Representation and inclusivity is important everywhere, including within the pages of books. These 20 outstanding authors have managed to bring diverse characters and stories to life with their science fiction and fantasy novels. From Joanna Russ to newer authors like Alex London, these writers and their fantastic books are sure to keep you entertained for hours. Read about the 20 LGBTQ+ authors below, and then let us know who we missed!
Samuel R. Delany
Delany, known as “Chip” to his friends, has been writing science fiction—in addition to memoirs and criticism—since the 1960s. The author has won four Nebula Awards and two Hugo Awards, and was inducted in the Science Fiction and Fantasy Hall of Fame in 2002. His novel Babel-17 follows the story of Rydra Wong—a linguist and poet who is called in by the military to decode a strange message that threatens the galaxy’s war effort. But the more Rydra learns…the more tempted she is to join the other side.
And Chaos Died
The author of feminist literary criticism, in addition to science fiction and fantasy, the late Joanna Russ influenced readers throughout her life since she was first noticed in the late 1960s. During her career, she challenged the male-dominated world of science fiction—both in authors and audience. She published And Chaos Died in 1970, which tells of an overpopulated planet where nature scarcely exists and creativity and individualism are suppressed. But there are other ways of life out there. And as the novel progresses, they come into conflict.

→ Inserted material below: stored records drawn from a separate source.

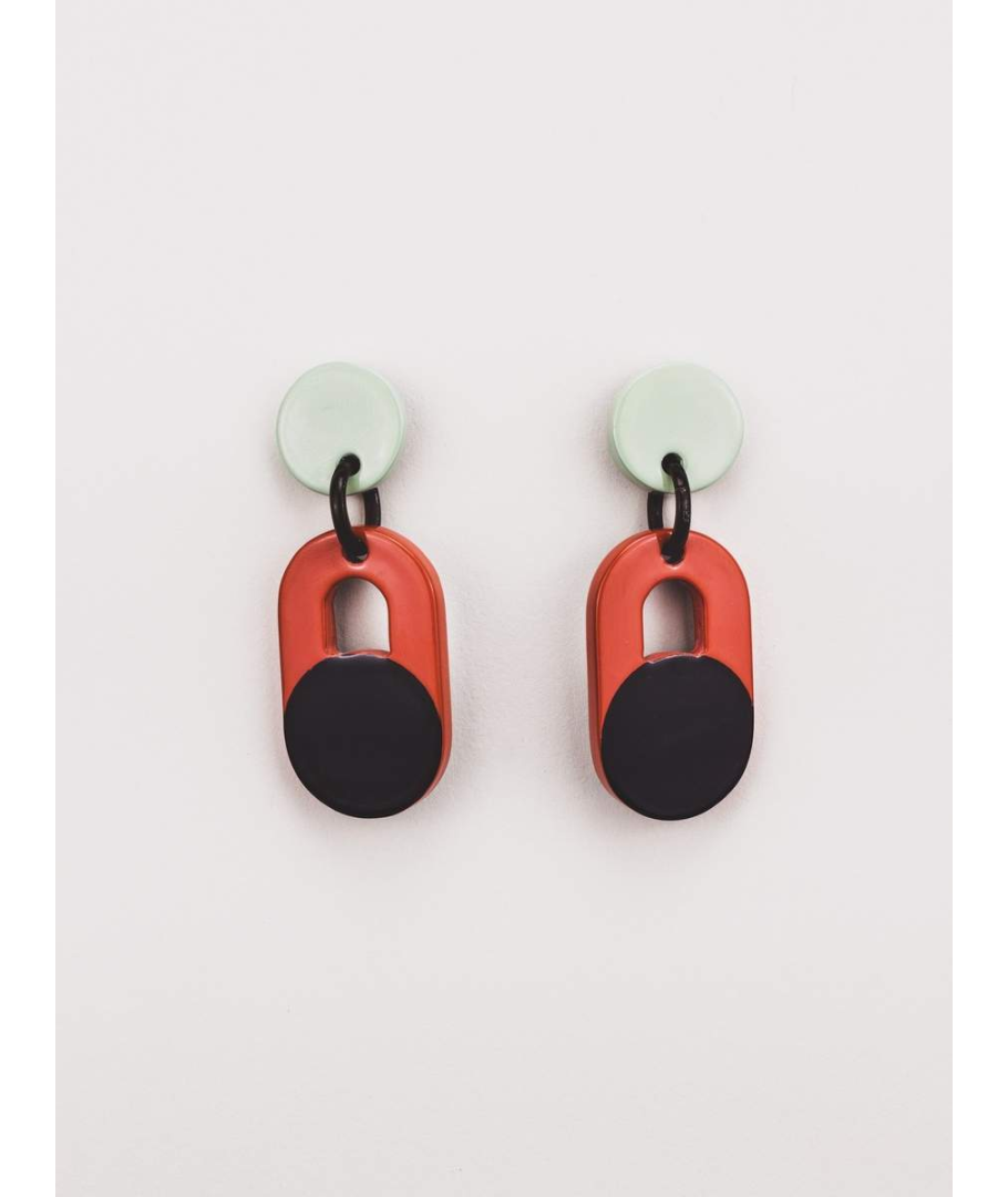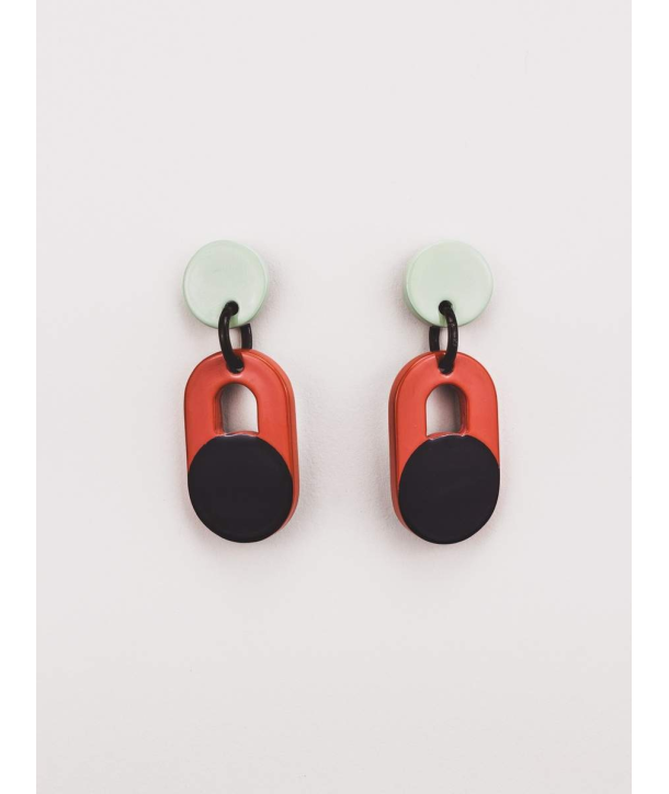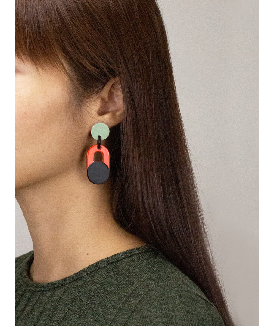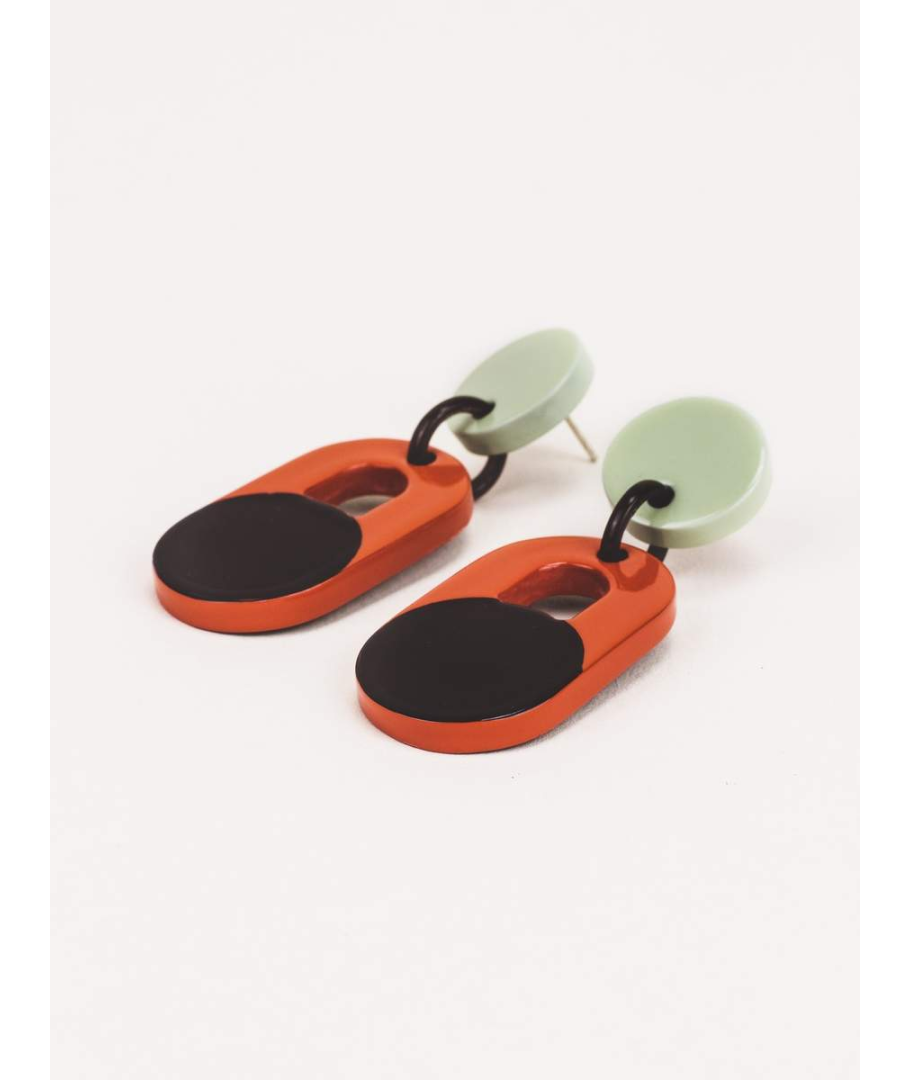 Boucles d'oreilles Ariane en corne noire et laque orange et verte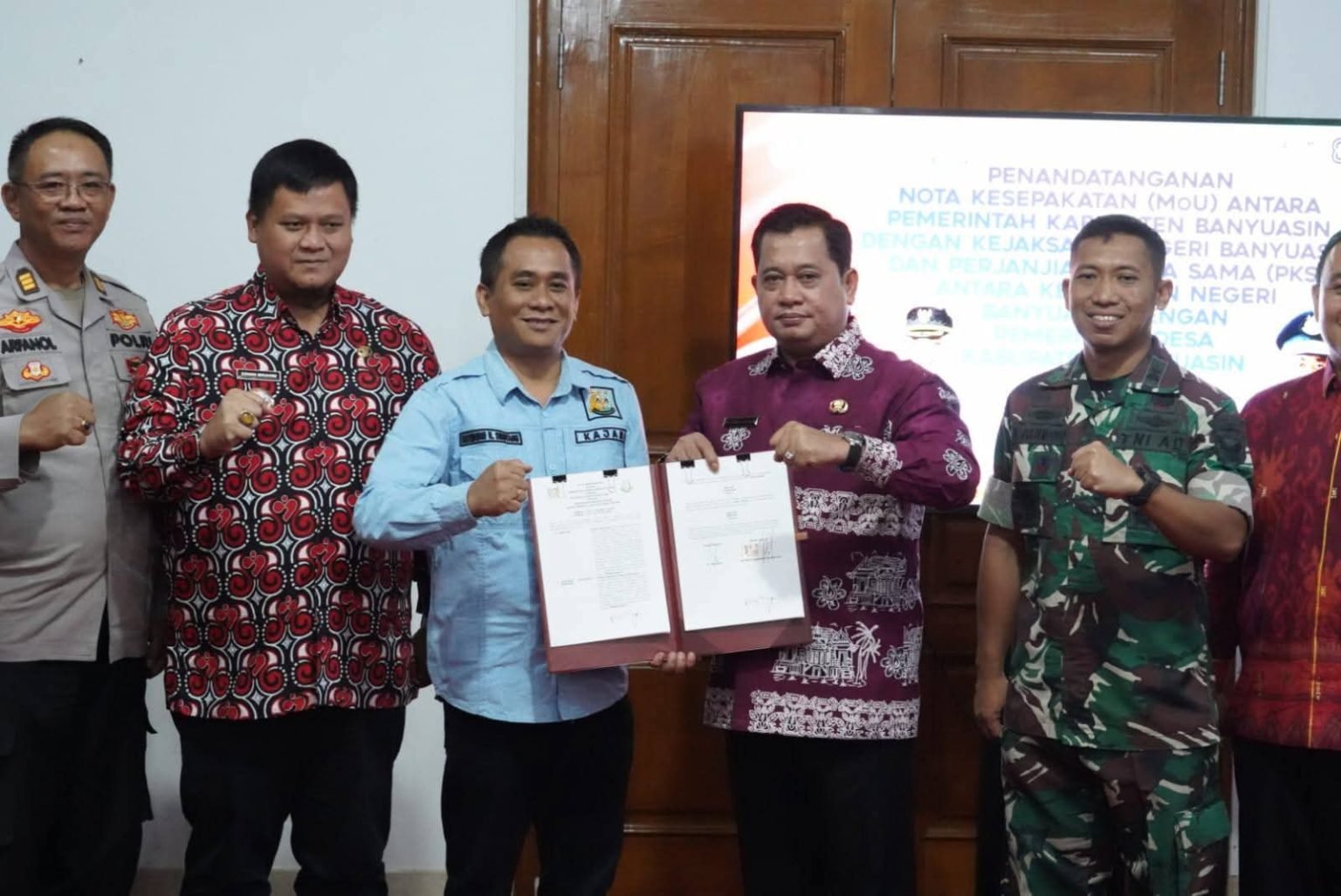 Proses penandatanganan dilaksanakan langsung di Guest House Rumah Dinas Bupati, Kamis (7/8), dan dihadiri oleh Sekda Banyuasin, Ir. Erwin Ibrahim, S.T., M.M., M.B.A., IPU., ASEAN Eng., Kepala Kejaksaan Negeri Kabupaten Banyuasin, Raymund Hasdianto Sitohang, S.H., M.H., Dandim O430 Banyuasin, Letkol Arh Agus Prijambodo, S.Sos., M.I.P., Kapolres Banyuasin yang diwakili Kasikum AKP Arfanol Amri dan berbagai tamu undangan.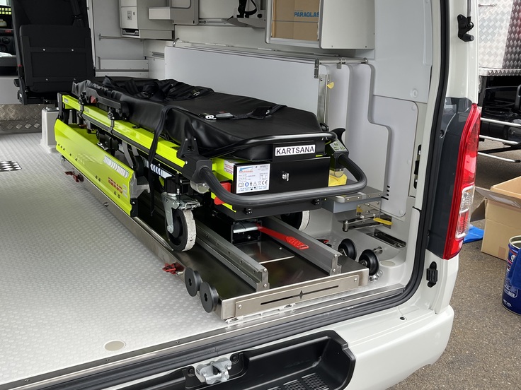 また、患者様が乗るストレッチャーは電動ストレッチャーを採用し、スムーズで患者様にストレスがかからないようにするとともに、実際にストレッチャーを操作する院内救急救命士の身体的負担も軽減できるようにしました。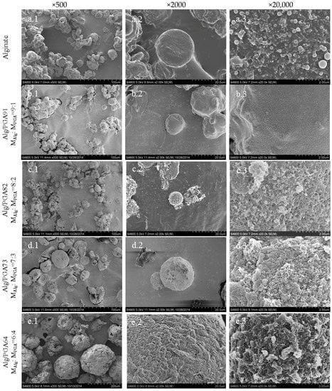 Higher feeding ratio of PGA leads to bigger composite microparticles and more irregular particle surface. Clusters on the surface of microparticles prepared with mAlg:mPGA = 6:4 were also detected. When compared with other types of microparticles, the PGA microparticles contain rare and larger pores.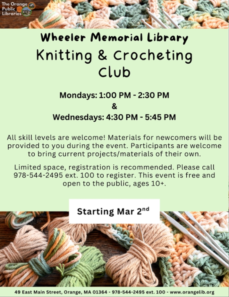 The Wheeler Memorial Library is hosting a Knitting and Crocheting Club on Mondays and Wednesdays. There are two sessions that you can attend, one on Mondays from 1:00 PM - 2:30 PM and the other on Wednesdays from 4:30 PM - 5:45 PM. All skill levels are welcome!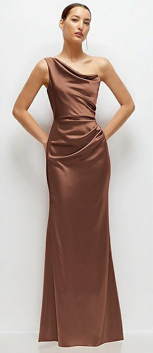 One-Shoulder Cat-Eye Neckline Fit and Flare Satin Maxi Dress in cognac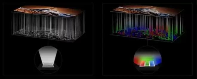 不难发现,即使是覆盖色彩最多的BT.2020也没有把整个色标覆盖。因此在BT.2020体系下,色域也是可以「溢出」的,这也是当前电视行业内色域超过100%背后的技术原理。一般来说,电视色域越高,色空间就越大,画面色彩也越不容易出现断层、过渡也更自然。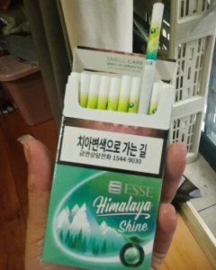 爱喜喜马拉雅晴王,开盒可以闻到浓浓的薄荷香味道神似绿箭口香糖;搭配浅绿色的烟嘴,给人以清新的感觉。烟嘴微甜。咬破爆珠就是浓郁的葡萄香。非常清爽。她是我最喜欢爆珠香烟里面是TOP3,细支没有粗支那么过瘾。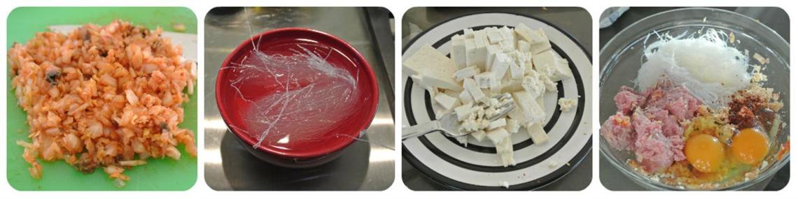 In mixing bowl, thoroughly combine kimchi, tofu, pork, eggs, noodles, red pepper flakes, salt/pepper, sesame oil. Just use the kitchen utensils God gave you! Hands!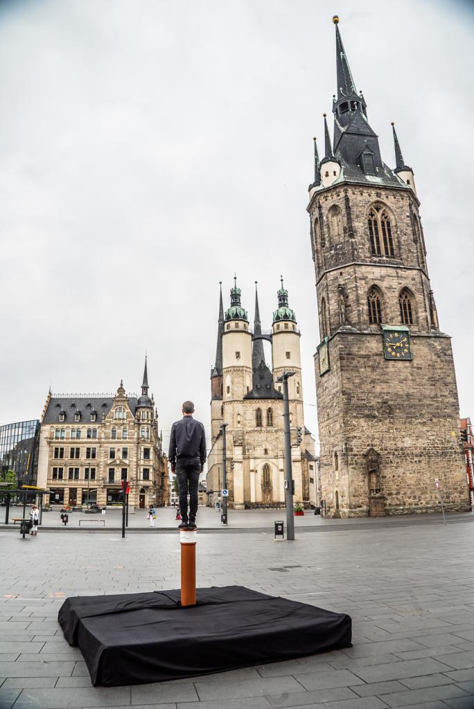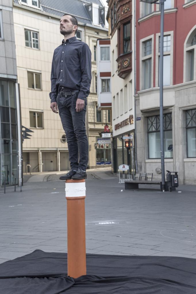 The pop-up monument in a public sphere commemorates the Dutch artist Bas Jan Ader. Although visually it appropriates the conventional forms of memorials, it presupposes the personal devotion as an essential expressive matter of the work: In the performance performer will remain standing on the pole resisting the inevitable state of exhaustion to the most possible extend. The aspects of personal respect and deep honour to the artist remains the bases for this action of resistance.

In 2010, Farah Mendlesohn's book On Joanna Russ was nominated for a Hugo Award for Best Related Work. The book details Russ' life and career as a prolific author and feminist.
Poppy Z. Brite
Are You Loathsome Tonight?
Trans author Billy Martin, who is known professionally as Poppy Z. Brite, is the author of fantasy and horror novels, which usually feature gay or bisexual characters. Some of his major influences include other southern writers like Shirley Jackson, Flannery O’Connor, and Truman Capote. His short story collection, Are You Loathsome Tonight?, spans the bounds of fantasy and horror to bring readers gruesome, other-worldly tales.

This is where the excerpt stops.